SQS Queue Drama
So here is an interesting problem that I came across recently with a customers solution. It’s one of those problems that seems so simple when you find out what is happening but can take an annoying amount of time to diagnose when it is happening.
The problem was that the number of messages visable was growing considerably every day on the SQS queue. This didn’t make much sense. Let’s have a look at why this was so strange and then the eventual simple solution.
Why this was weird?
-
The input into this queue didn’t change, there was no additional load being applied, the load had been consistent for well over a year with no issues.
-
The code around the queue and its consumers had not changed within a year either, it had been performing perfectly well up until this point, there had been no changes to the infrastructure or backend code.
-
The servers were running using spot instances, but again there was no early terminations or other lifecycle management of the spot instances that could have affected this.
-
There were no obvious error messages in the logs for the consumers, they appeared to be processing messages successfully, happily churning through thousands of messages.
But the load wasn’t going down, it was just continuously growing on the queue.
So what on earth was happening?
Well given all of this information we have to start looking at this analytically and ruling out parts of the solution. We can see that it cant be a recent code change, it cant be an increase in load, it cant be the servers being dropped. So what would cause this?
If we pause for a moment and think about how the queue is working we can narrow it down. Messages are being pushed to the queue constantly, and the consumers are constantly pulling data from the queue. This load level hasn’t changed and yet the queue is growing, so the only explanation must be with the consumers, but they seemed to be processing the messages fine, tens of thousands of messages were being processed.
So what could cause a consumer to be successfully processing a message but still leading to the queue size increasing…….
The visibility timeout, thats what.
In our case here the visibility timeout was set to 30 seconds, which seemed like a reasonable amount of time when messages were typically processed within a couple of seconds. However, when just a few messages were more complex and added to the queue, and they started taking longer than 30 seconds to process, the entire thing collapsed.
What was happening?
Well one of these complex messages was added to the queue, this was then picked up by a consumer who took slightly longer than 30 seconds to process it. There were no errors as the message was eventually successfully processed. However the visibility timeout kicked in as it took longer than 30 seconds and the SQS queue essentially assumed that consumer was dead and so it gave that same complex message to another consumer, which then also took longer than 30 seconds, so SQS then gave it to another consumer… and so on.

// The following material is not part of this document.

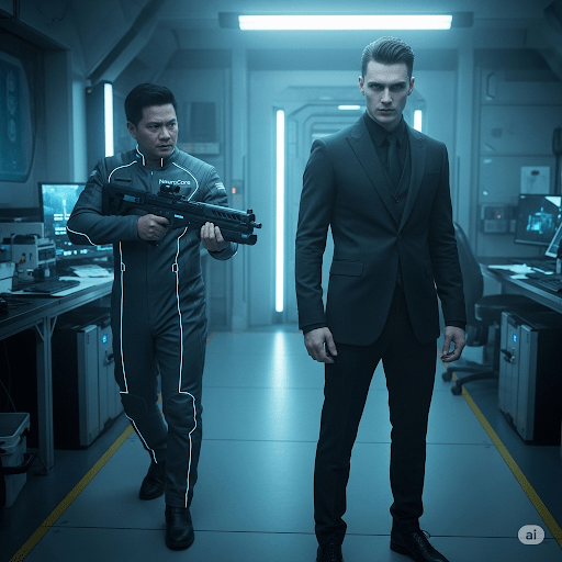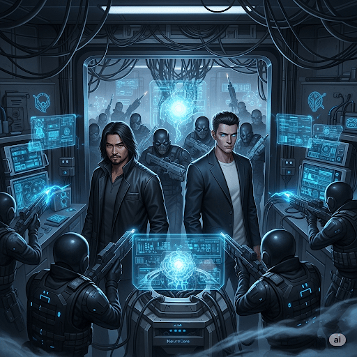 “They didn’t fail – Malakar has someone with NeuroCore admin access…” SeventhSight’s eyes narrow – “Who has that kind of clearance?!” Erebus’ expression turns grim – “Only people I trusted with my life… and two are missing since Malakar’s return: Dr. Elara Vex – my lead researcher, and Dr. Arin Castillo – my own nephew.”

This meant that with a small flood of complex messages the entire system was taken down and it never recovered. Threads were being locked up by the constant retries of the same messages, and so the amount of actual work the consumers could perform was severely limited.
What to do?
Well firstly set the visibility timeout to something sensible, and by sensible I mean something dramatically higher than what you believe the longest processing time could be. Either this has to be set or else you need to dynamically increase it when your consumer starts to take too long to process the message.
Also you should have a limit in number of retries of messages and a dead letter queue for messages that have been marked as failing on consumers.
Doing this should ensure that you donw end up in the strange situation where your queue is growing but there are no errors.